The technique commonly used is 2 MHz probe as the waves have to penetrate through the bone. Higher the frequency, lower is the capability to penetrate the bone. Most commonly used site is transpterional, where the bone thickness is the least. It is just above the zygus, about 1–2 cm anterior to tragus. Keeping the probe perpendicular to the skin and directed slightly anterior will frequently encounter the middle cerebral artery (MCA). The MCA is identified with flow toward the probe at a depth of 50–65 mm and with characteristic flow sound ( Fig. 8.2 ). From that point, with slight manipulation, it is possible to trace back to internal carotid artery (ICA) bifurcation: anterior cerebral artery (ACA) and posterior cerebral artery. Transorbital (carotid artery) and suboccipital (basilar and vertebral arteries) approaches are also used in some situations ( Table 8.1 ).

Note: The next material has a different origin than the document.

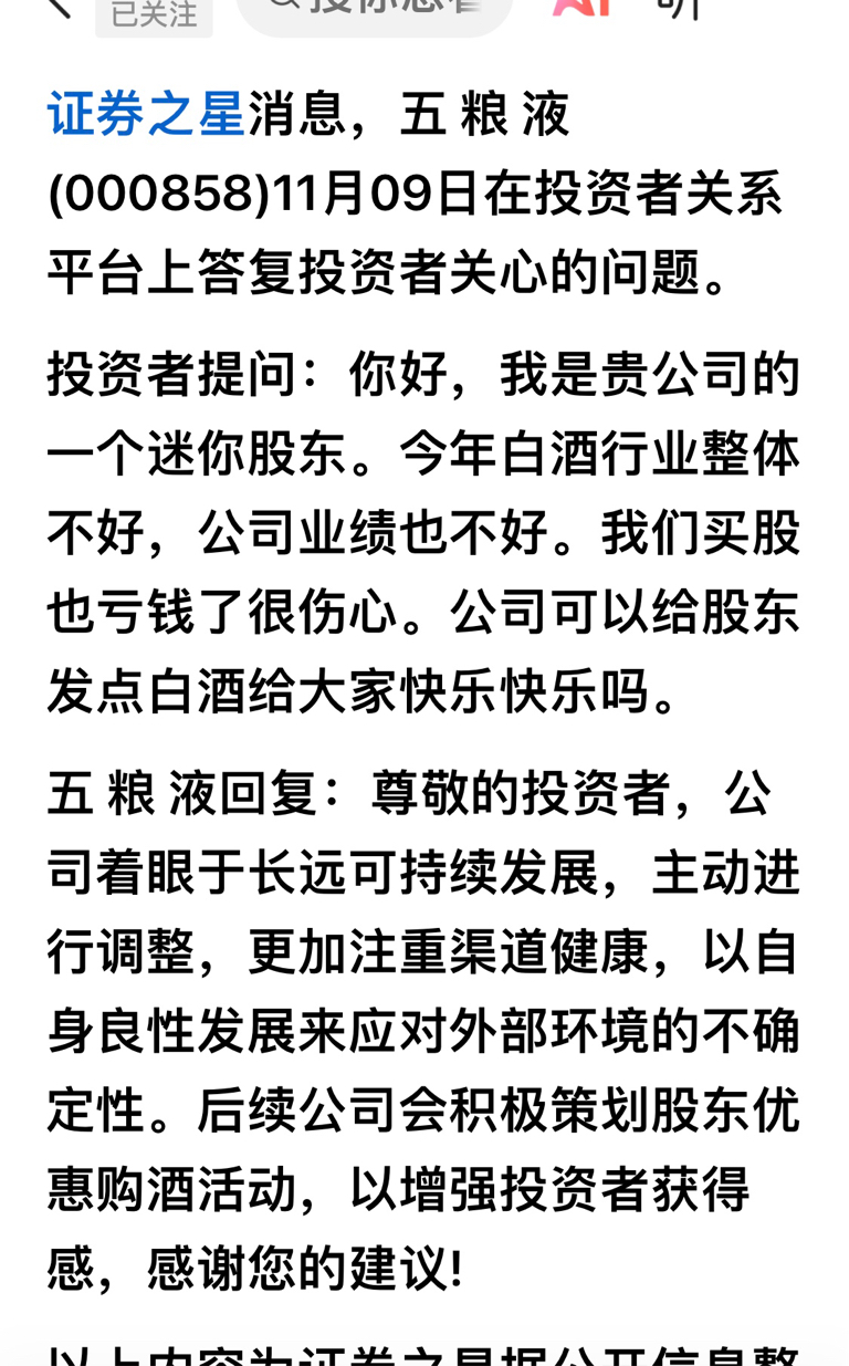 $*ST春天(SH600381)$ $五 粮 液(SZ000858)$ 人家五粮液就快推出股东优惠购酒活动了,建议听花酒也为回馈股东亦是增加营收推出股东优惠购酒活动!建议:1.凡是持股10000股的股东可半价购买听花标准装一瓶,以此类推最多可购买100瓶!2.凡是持股10万股以上的股东,除购酒优惠外,均免费赠送听花标准装品鉴用酒一瓶!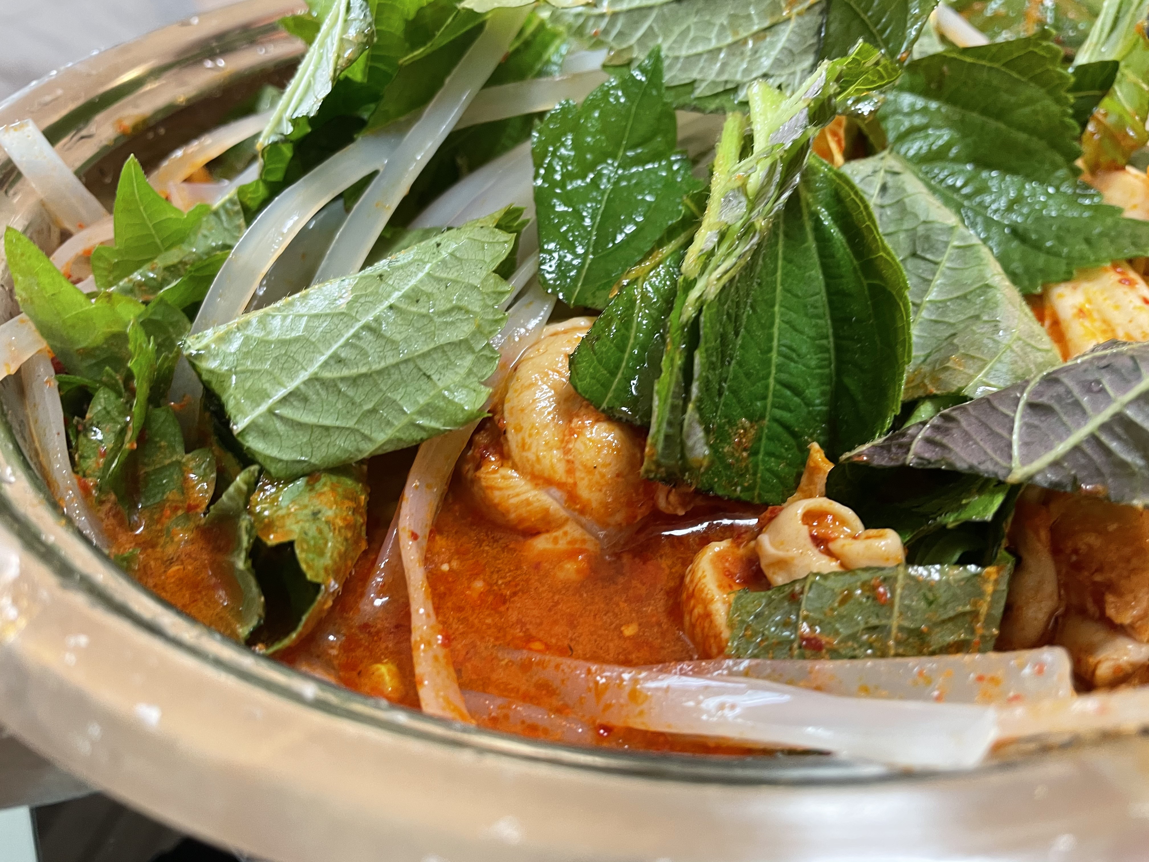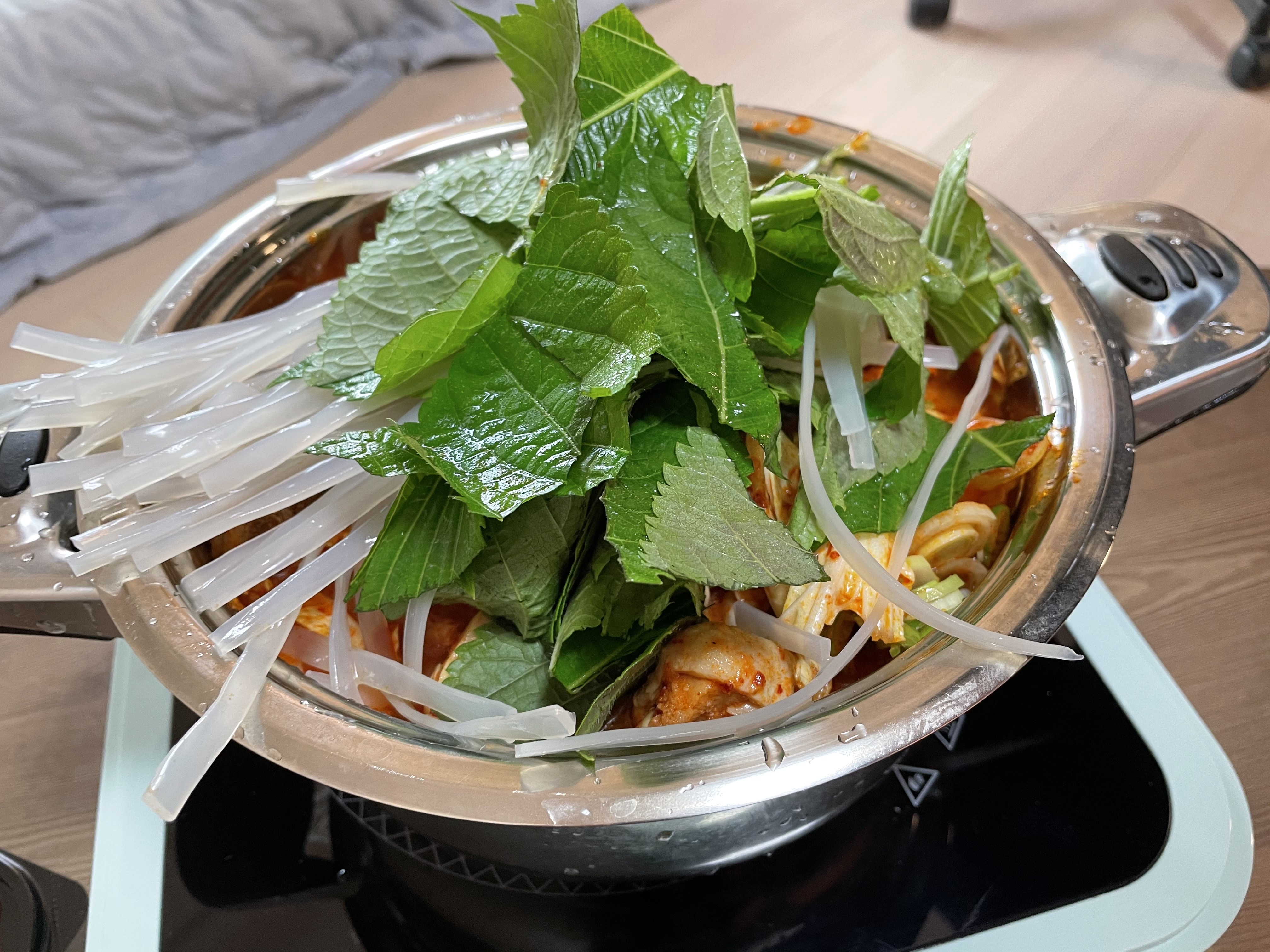 비슷한 크기의 냄비에 조심히 담고, 그 위에 깻잎과 당면 사리를 넣어줬어요.

Figure 8.2, Transcranial Doppler recording from middle cerebral artery (A) and anterior cerebral artery (B).

Table 8.1
Normal Transcranial Doppler Parameters in Different Vessels
Artery FV (cm/s) Depth of Insonation (mm) Direction of Flow Effect of Ipsilateral Carotid Compression
Middle cerebral artery 40–60 45–60 Toward Decreases
Anterior cerebral artery 40–50 60–75 Away Decreases
Posterior cerebral artery 30–45 60–75 Toward No change
Carotid art (orbital) 35–50 60–80 Toward Decreases
Basilar 35–50 60–80 Away No change
Vertebral 30–45 80–110 Away No change

Pulsatility Index

Pulsatility refers to peak systolic to lowest diastolic FV. With constant cerebral perfusion pressure (CPP), any change in pulsatility reflects the change in the cerebrovascular resistance (CVR), i.e., higher the CVR, higher is the pulsatility index (PI). The normal PI is 0.5–1.0, which is a dimensionless number.


PI = FVsys FVdia FVmean

Uses of Transcranial Doppler

  • 1.

    Subarachnoid hemorrhage (SAH): Commonly used to diagnose the vasospasm to quantify the degree of vasospasm and its response to treatment. Any FV more than 120 cm/s with PI of more than 1.5 is considered indicative of vasospasm ( Table 8.2 & Fig. 8.3 ). Many centers use TCD regularly to monitor SAH patients .

    Table 8.2
    Transcranial Doppler Classification of the Severity of Vasospasm
    From Kassab MY, Majid A, Farooq MU, Azhary H, Hershey LA, Bednarczyk EM, Graybeal DF, Johnson MD. Transcranial Doppler: an introduction for primary care physicians. J Am Board Fam Med 2007; 20 :65–71.
    Severity of Vasospasm MFV Value (cm/s) MCA/ICA Ratio
    Normal <85 <3
    Mild <120 <3
    Moderate 120–150 3–5.9
    Severe 151–200 >6
    Critical >200 >6
    ICA , anterior cerebral artery; MCA , middle cerebral artery.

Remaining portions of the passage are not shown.